16 Наиболее ощутимо близость двух авторов проявляется в первом абсурдистском романе Беккета «Уотт» (1953), на что не раз обращали внимание исследователи4. Несмотря на заверения Беккета, что во время написания романа он еще не был знаком с работами Витгенштейна (впоследствии он восполнил этот пробел: в его личной библиотеке присутствует большинство произведений философа и множество трудов о нем), до сих пор бытует мнение, что «Уотт» представляет собой своего рода пародию на «Логико-философский трактат». На самом деле поиски Беккета, связанные с испытанием языка, шли параллельно исследованиям австрийского мыслителя. Роман создавался на протяжении нескольких тяжелых военных лет, и его художественное «безумие» мыслилось автором как средство спасения от безумия личного5 (примечательно, что тогда же, в 1944 г., Витгенштейн, который всегда опасался за свой разум, сделал на полях одной из своих рукописей следующую заметку: «Как в жизни нас окружает смерть, так и наш здоровый рассудок окружен безумием» [Витгенштейн 1994а, 452]).

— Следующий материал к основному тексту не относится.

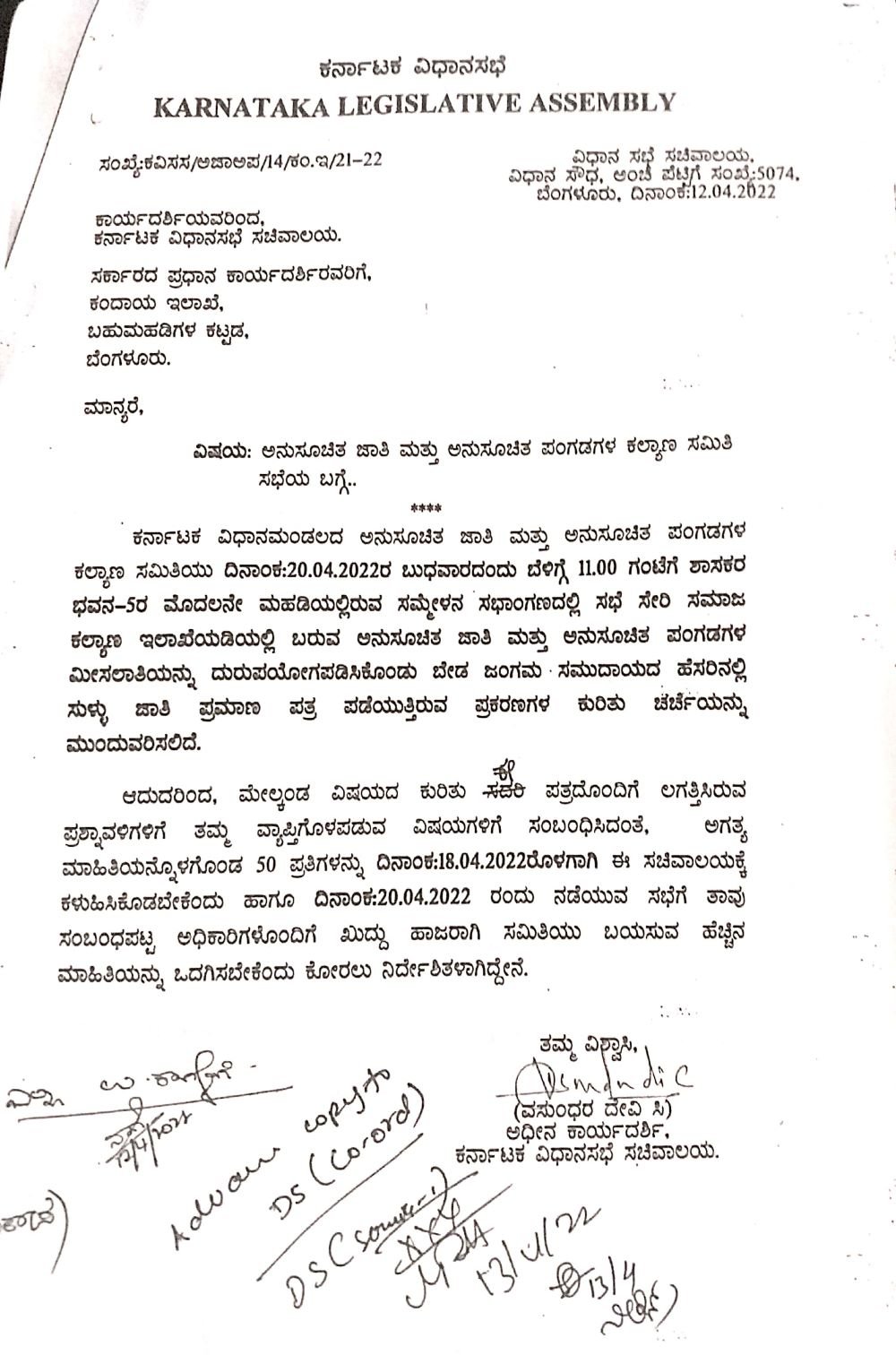 ಇದೇ 20ರಂದು ನಡೆಯಲಿರುವ ಸಭೆಗೆ ಸಮಗ್ರ ವಿವರಗಳನ್ನು ನೀಡಬೇಕು ಎಂದು ಕರ್ನಾಟಕ ವಿಧಾನಸಭೆಯ ಕಾರ್ಯದರ್ಶಿಯು ಕಂದಾಯ ಇಲಾಖೆಯ ಸರ್ಕಾರದ ಪ್ರಧಾನ ಕಾರ್ಯದರ್ಶಿಗೆ 2022ರ ಏಪ್ರಿಲ್ 12ರಂದು ನಿರ್ದೇಶನ ನೀಡಿದ್ದಾರೆ. ಇದರ ಪ್ರತಿಯು ‘ದಿ ಫೈಲ್’ಗೆ ಲಭ್ಯವಾಗಿದೆ.
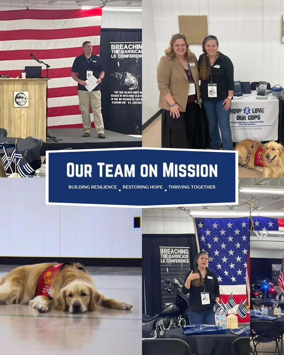 At the recent Breaching the Barricade event, A two-day conference and appreciation day for Law Enforcement families, in Indiana. Our state liaisons Tina and Jennifer shined as both presenters and Law Enforcement parents. The event brought together officers, spouses, and families for a time of encouragement, connection, and renewal. Tina and her husband Jeff, a retired Maine State Trooper, shared powerful insights from their journey in law enforcement life, alongside their lovable therapy dog. Brawny without question stole the show with his gentle spirit and wagging tail. Together, Tina and Jennifer modeled what it means to serve with compassion, embodying the mission of How 2 Love Our Cops, in every way.
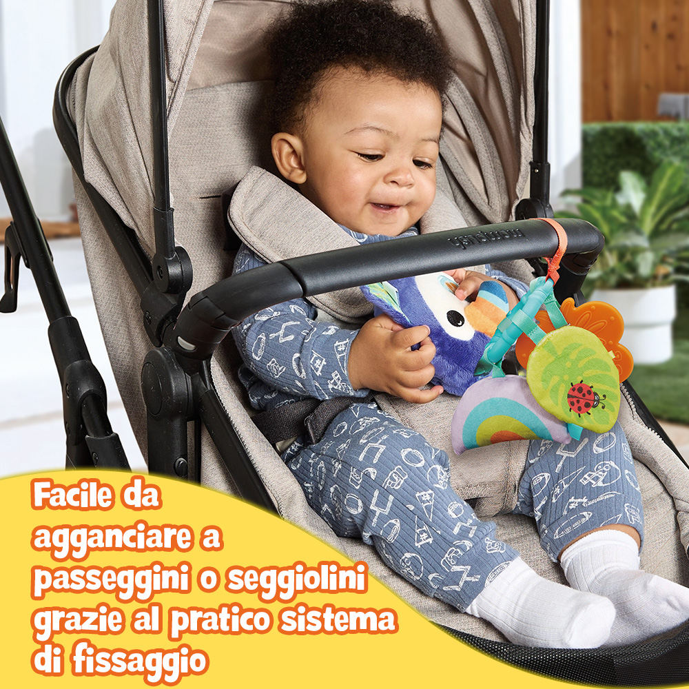 • Un soffice compagno d’avventure, pensato per stimolare i sensi del bambino a casa o in movimento. Facile da agganciare a passeggini o seggiolini grazie al pratico sistema di fissaggio.

И хотя тема сумасшествия присутствует в самой фабуле романа, главным ее генератором остается язык.
4. Вскоре после выхода романа, в 1959 г., такую идею высказала Жаклин Хефер. Марджори Перлофф в книге «Лестница Витгенштейна» посвящает отдельную главу этому роману Беккета, однако упор делает на созвучность «Уотта» поздней философии Витгенштейна [Perloff 1996, 115–144]. В последние годы тему конгениальности Витгенштейна и Беккета серьезно разрабатывает канадский теоретик литературы Андре Фурлани [Furlani 2015].

5. Лоуренс Харви приводит это признание Беккета в своей книге [Harvey 1970, 222].
17 Подобно Витгенштейну, выстраивающему теорию мира на элементарных языковых единицах и непоколебимости логических связей между ними, Уотт силится отыскать в языке надежные основания для устойчивости в неупорядоченном нагромождении жизни. Он обитает в мире, где нет разницы между словами и вещами, и потому хаос реальности мало-помалу перетекает в пространство речи, которая словно бы сходит с ума. Составляя подробнейшие списки, перечисляя как действительные, так и потенциальные обстоятельства, пытаясь обрисовать все возможные комбинации между вещами, главный герой не только не достигает желаемой ясности, но буквально проваливается в языковые ямы. Четко расчерченная вселенная Витгенштейна, где предложения являются запечатлением фактов, грозит обрушиться и похоронить под собой человека. Первоначальная вера Уотта во всемогущество языка, который способен внести стройность и слаженность в лишившийся порядка мир, постепенно сменяется желанием превратиться в транслятора неуправляемой реальности. Тогда Уотт меняет местами части фразы, перемешивает слова в предложениях, переставляет буквы в словах в обратном порядке, добиваясь максимального соответствия речи вывернутому наизнанку миру:
18 Акоп ен леширп нед тидоху. Ин тоу, ин тон. Ин молет, ин мохуд. Ин виж, ин втрем. Ин увяан, ин ов енс. Ин нетсург, ин лесев. Кат лиж еоротокен ямерв. Это ничего для меня не значило. Ушорп яинещорп, яинещорп, говорил Уотт, ушорп яинещорп [Беккет 2004, 268].
19 Понимание, которое до последнего брезжит в бредовых речах Уотта, опровергает учение Витгенштейна в той его части, которая отводит ясному языку логики функцию адекватной передачи мира, и подтверждает его в той, которая постулирует, что смысл жизни лежит за пределами всех возможных фактов.
20 Исходная уверенность в том, что за словом раз и навсегда закреплено определенное значение, которую Беккету в «Уотте» удается поколебать, становится для позднего Витгенштейна главной мишенью самокритики. Принимая как должное расхожее представление о том, что значением слова выступает именуемый объект, Витгенштейн допускает в «Логико-философском трактате» непростительную, по его собственному признанию, ошибку, которая сокрушает всю стройность ранней концепции. В «Философских исследованиях» Витгенштейн развивает идею, идущую вразрез с принятыми мыслительными и лингвистическими стандартами (в частности, противоположную и его прежним взглядам): он приходит к выводу, что слово получает значение лишь благодаря употреблению, а стало быть, являет собой весьма гибкую форму, готовую вместить гораздо большее содержание, чем то, которое приписывает ему любой известный вокабулярий. Концепция языковых игр, в которые говорящий, используя слово по установленным сообществом «правилам», тем не менее способен привнести собственный, дополнительный оттенок смысла, превращает язык в творческую деятельность по преимуществу. Однако субъектом этой деятельности выступает сам язык. Возможно, «Уотт» потому кажется кривым зеркалом «Логико-философского трактата», что Беккет тоже показывает бесполезность знания значений слов без умения их употреблять.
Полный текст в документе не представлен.